(Assigned task)
Across all the records, filter for lines with the word "that" and copy them.

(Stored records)
▬▬▬▬▬▬

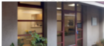
Capitola Dec 2013
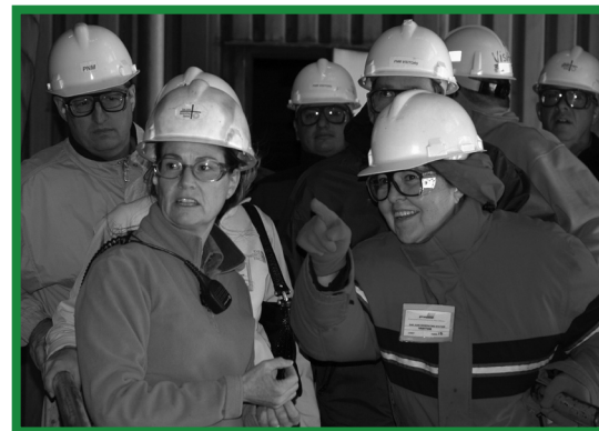
Class of 2008 tours the PNM San Juan Generating Station

Leadership New Mexico is a 501 (c)(3) non-profit organization. Your gift will have a direct impact on the vitality of the organization, its programs and the graduates' influence on the future of the state.
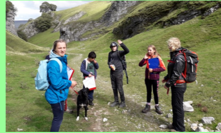
Surveying the Limestone Way

Oh, and we all had hot chocolate and marshmallows!
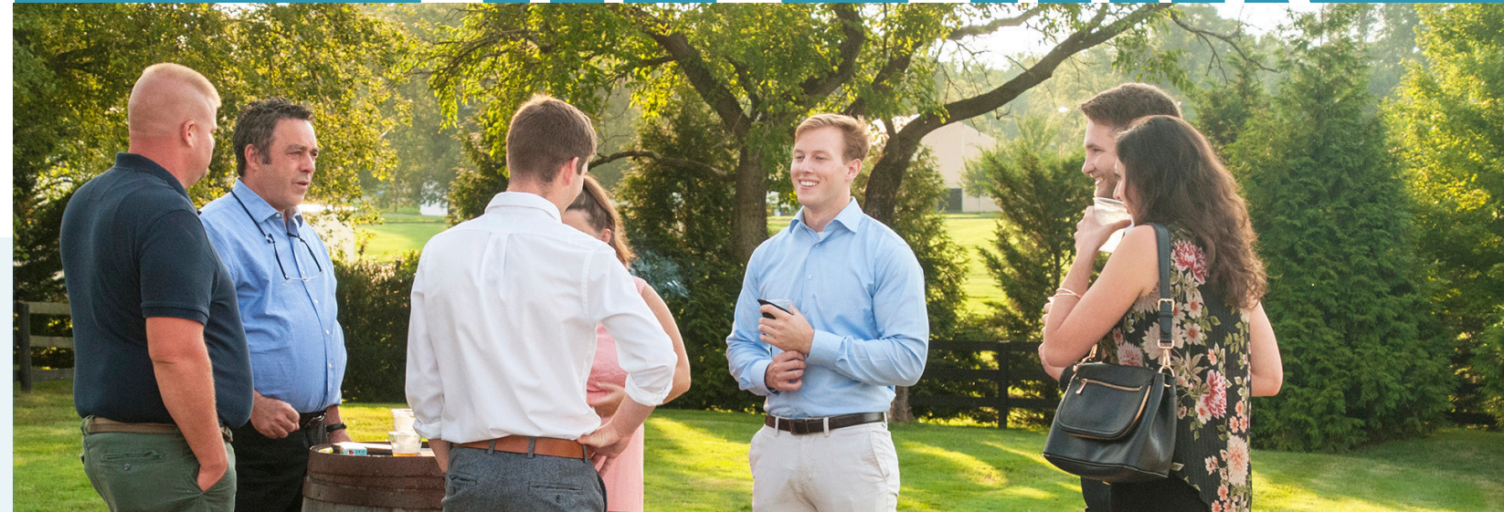
More than 185 supporters attended our Annual Gala on August 7 at The Inn at Vint Hill. Read more on page 3.
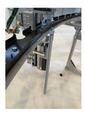
Figure 4 | Caption

Transfer of currently manually performed drilling processes at CFRP vertical tail planes to mobile Cobots.
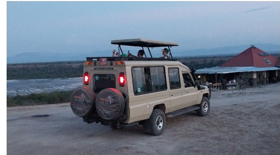
Safari Land Cruiser
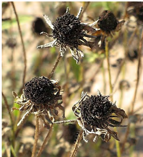
Figure 4. Signs of maturing Rudbeckia seed heads include dried ray flowers and a brown, woolly appearance.

Start black-eyed Susan transplants in the greenhouse. Direct sow into individual planting tray cells filled with sterile growing media. After sowing, cover the seeds with a thin layer of growing media and lightly water. Place the trays in a greenhouse set at 65°F-70°F daytime temperature and 55°F nighttime temperature (Butler and Frieswyk, 2001). Seed should germinate and emerge in approximately two weeks after planting. Thin to obtain one vigorous seedling. Keep growing media moist but not overwater because the plants are vulnerable to damping off or rot if overwatered (Phillips, 1985). Grow the transplants in the
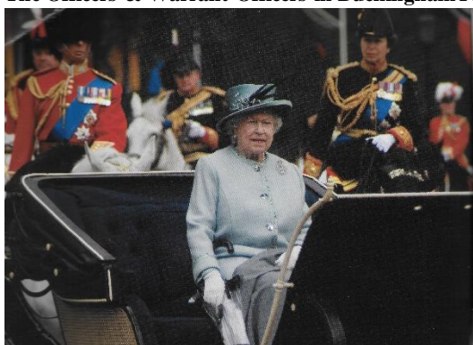
Queen's Birthday Parade ~ 1SG Escort 2011
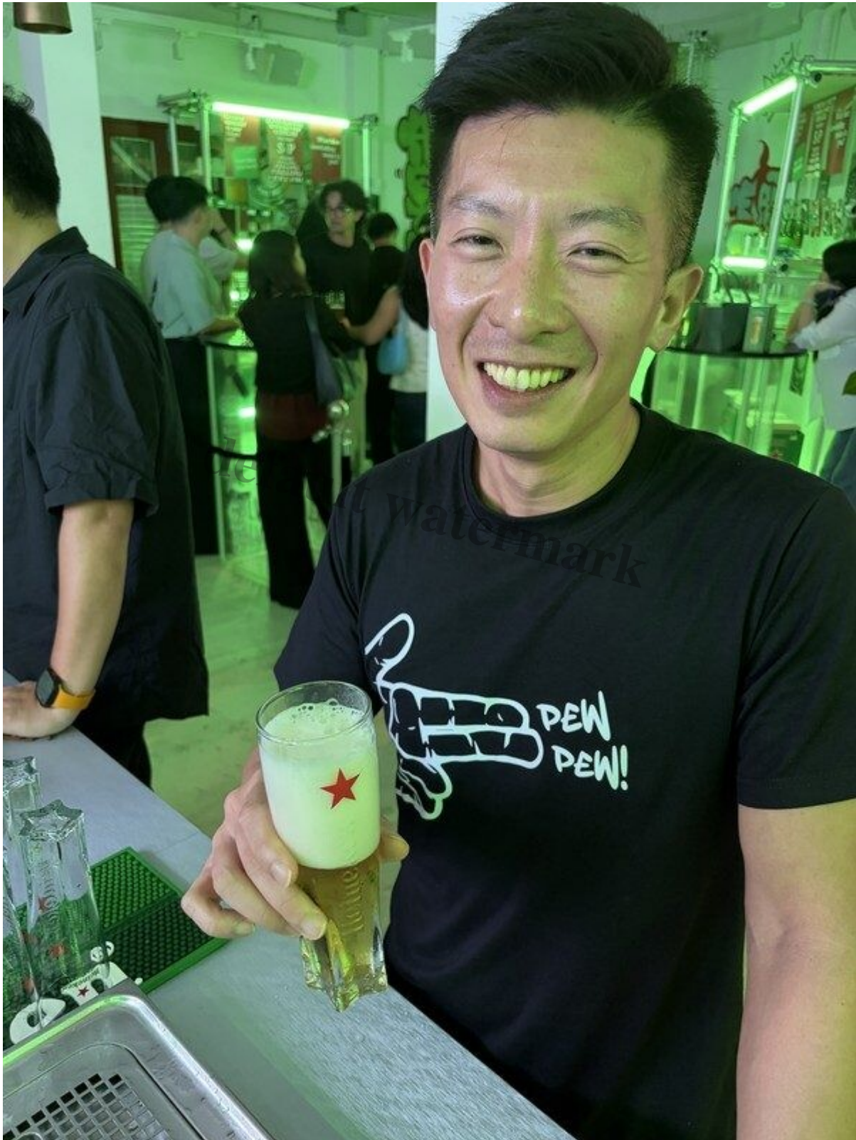
Nailed it. Eventually.
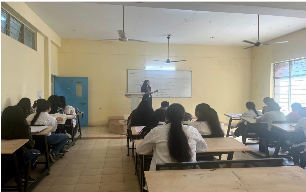
Pic 2: Students attentively listens to the session
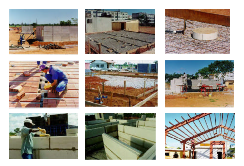
Figure 3: Examples of photos taken during the building process

All the information collected will be given to the Institute/ University contracted to carry on the evaluation process. An agreement between the local government and the National Bank – CEF is being negotiated and has the Ribeirão Preto's Vila Tecnologica Evaluation developed by the ArcHtec research group as a reference for the evaluation to be carried on the Federal District Vila Tecnologica Project.
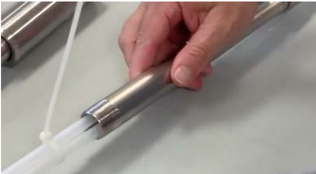
Push/move the cable tie along to keep tubing grouped and avoid twisting.
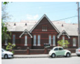
AUBURN UNITING CHURCH COMPLEX SOHE 2008
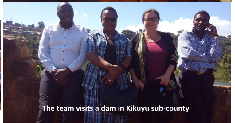
The team visits a dam in Kikuyu sub-county
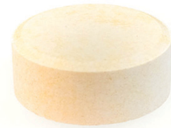
Tablets (for use with WaveWash 55)

The WaveWash system is used in conjunction with Ecoworks packets. These packets consist of two pre-measured dissolvable pouches (labeled A and B) which are placed into the WaveWash tank. Once exposed to water within the tank, these packets mix together to form the solution used to remove support material. One set of packets treats one WaveWash tank, or 3.6 gallons (13.5 liters) of water.
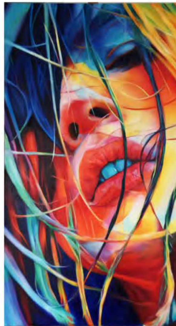
H. Kłopotowska Love me tender oil on canvas 125 x 70 cm 2022
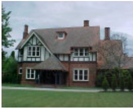
H01399 residence formerly colinton mont albert road canterbury front view nov2001
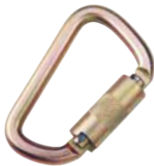
SAFLOK™ STEEL CARABINER Self Locking/Closing, 19 mm Gate Opening
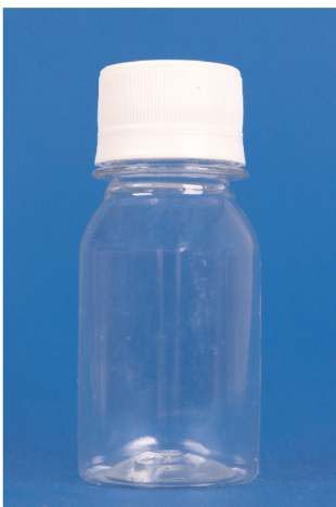
Ref: M3016 width: 3.1 cm capacity: 50 cc Hole Width: 28 mm Height: 8.2 cm Weight: 12 g
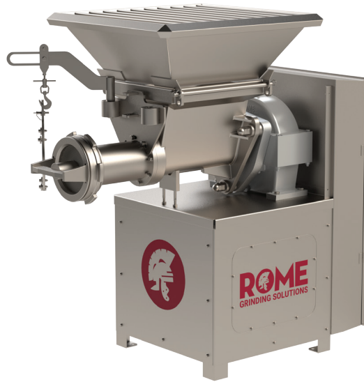
Shown: Titan 1107

The Titan grinder leads the way in versatility, backed by Rome's trademark design and durable Made in the U.S.A construction. Able to accommodate a wide variety of fresh food products, the Titan helps industrial food producers decrease downtime and increase daily production yield with minimal parts.
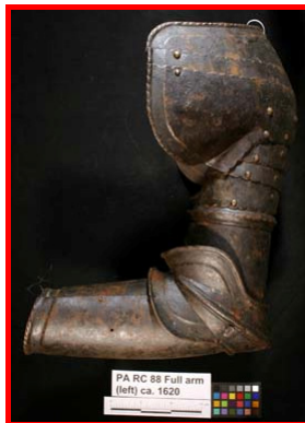
PA RC 88 Full arm
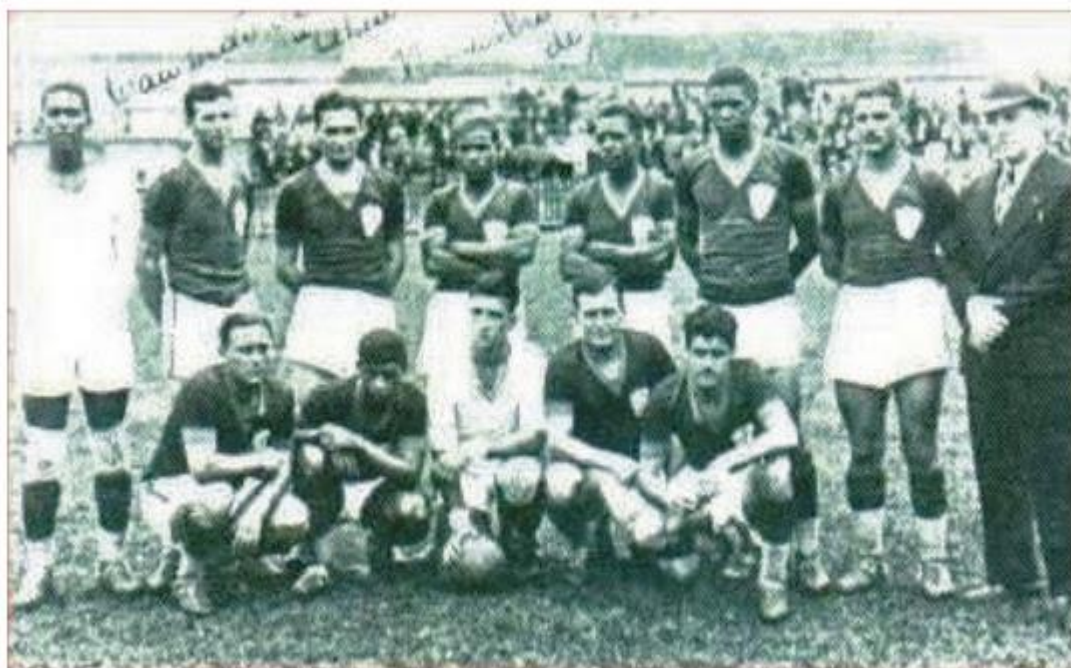
Associação Portuguesa de Desportos 1936
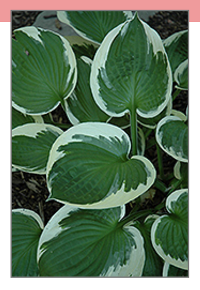
Minuteman Hosta foliage

Minuteman Hosta is a dense herbaceous perennial with tall flower stalks held atop a low mound of foliage. Its relatively coarse texture can be used to stand it apart from other garden plants with finer foliage.
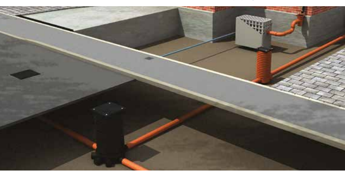
Trade Price List 2021 Rev 1
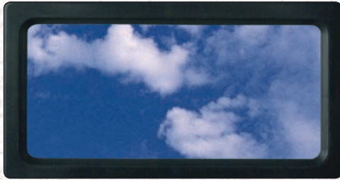
12 x 24
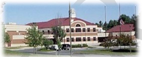
Granby Memorial Middle School Grades 6-8 Enrollment: 446
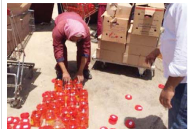
Municipality workers destroy material that did not match standard specifications.
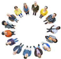
The motto: United in diversity
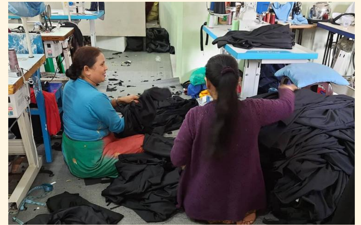
Tailoring training, Kathmandu. During the pandemic and post pandemic
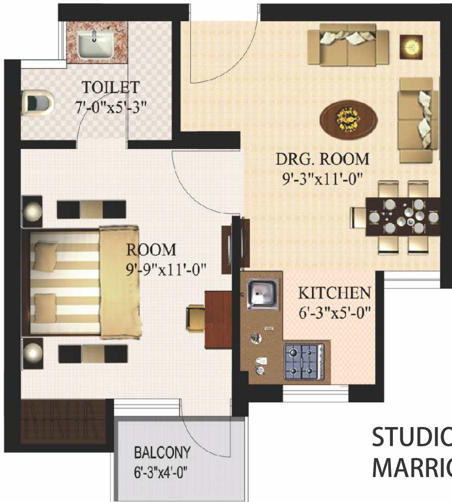
STUDIO APARTMENT MARRIOT 500.00 SQ.FT.
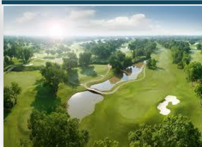
RIVERBEND COUNTRY CLUB
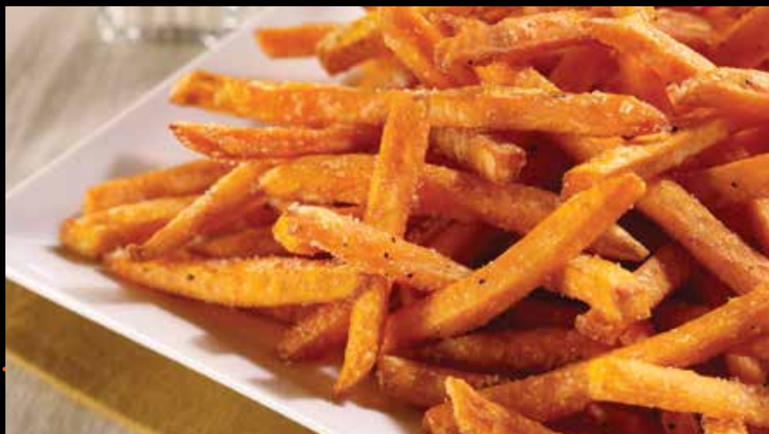
Sweet Potato Fries
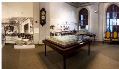
Monarchy Court Gallery
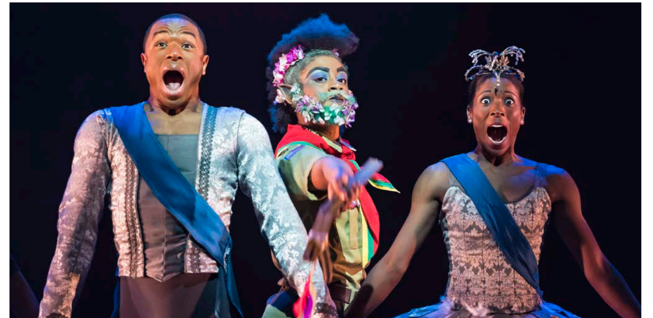
Ballet Black: Dream
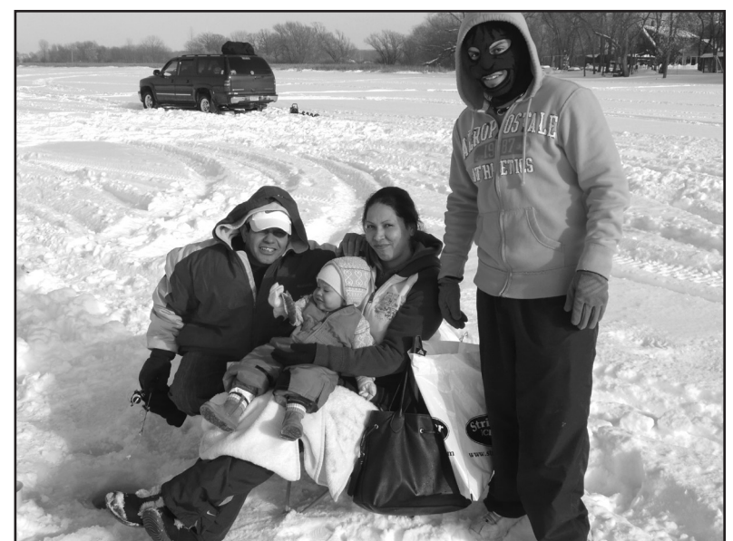
Pleasant Lake near St. Cloud
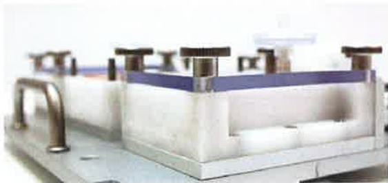
Figure 2. TC-3 chambers

The TC-3 is computer operated by a simple control software that allows the user to create complex loading profiles to be applied on the culture samples.
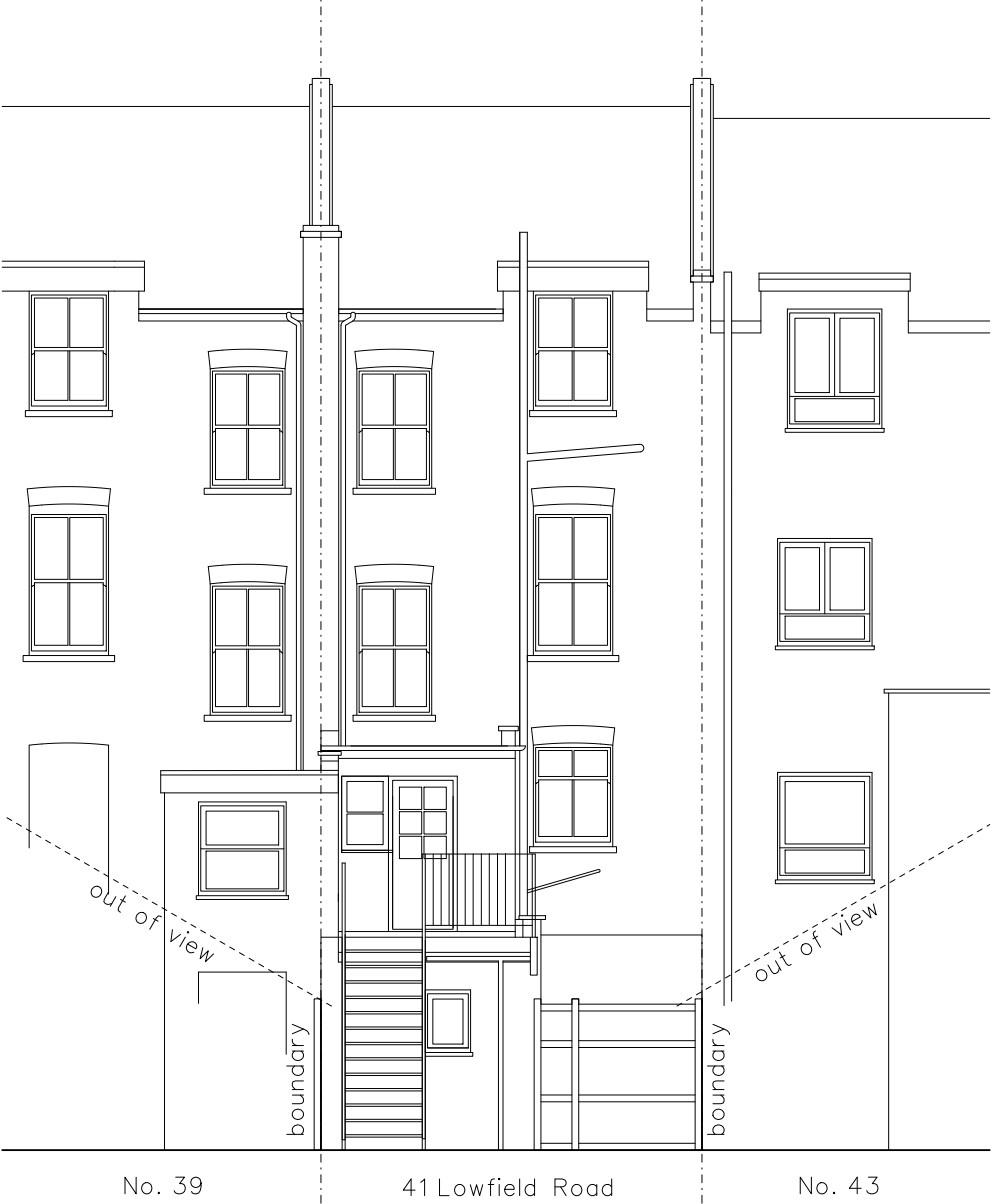
2. REAR (WEST) ELEVATION
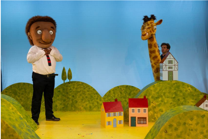
Smartest Giant In Town - Theatre Trip
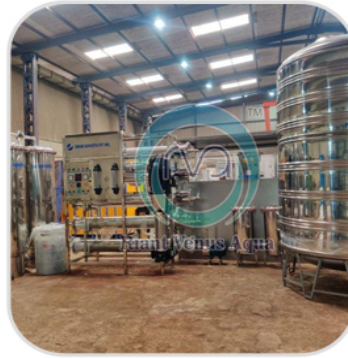
Packaged Drinking Water Plant
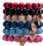
The KUL colors
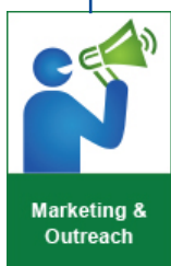
Marketing & Outreach
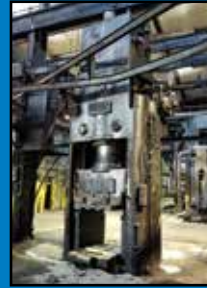
(20) Straight-Sided Presses to 1,000-Ton
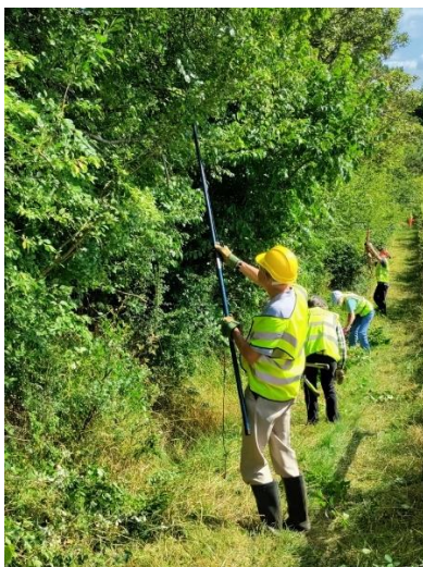
Clearing lower level vegetation with pruning saw and loppers
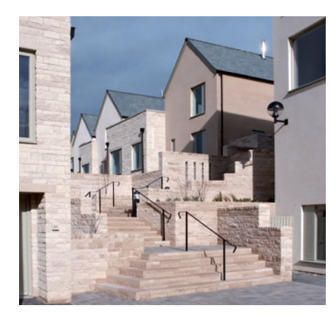
Officers Field "Simple pitched roof forms and self-colour render walls, set against Portland stone, offer a richness and layering to the ensemble."

The scale, form and design of buildings clearly define public, communal and private spaces, and the settlement boundaries, helping people to understand the place and find their way around. Civic spaces where people meet, such as public squares or greens, are framed by larger, more prominent buildings, while residential streets have a more intimate scale, reflecting the pattern of day-to-day life. The new housing creates a sense of enclosure and a safe haven within the wider neighbourhood, nurturing social interaction in shared spaces which afford shelter, shade and sun where needed. These 'outdoor rooms' are flanked with a variety of familiar, tried-and-trusted or innovative housing types, creating an authentic neighbourhood mix to attract different kinds of resident. The external appearance of homes is consistent in its appeal and not distinguishable by tenure.

▬▬▬▬▬▬

(Problem solution)
Municipality workers destroy material that did not match standard specifications.
The TC-3 is computer operated by a simple control software that allows the user to create complex loading profiles to be applied on the culture samples.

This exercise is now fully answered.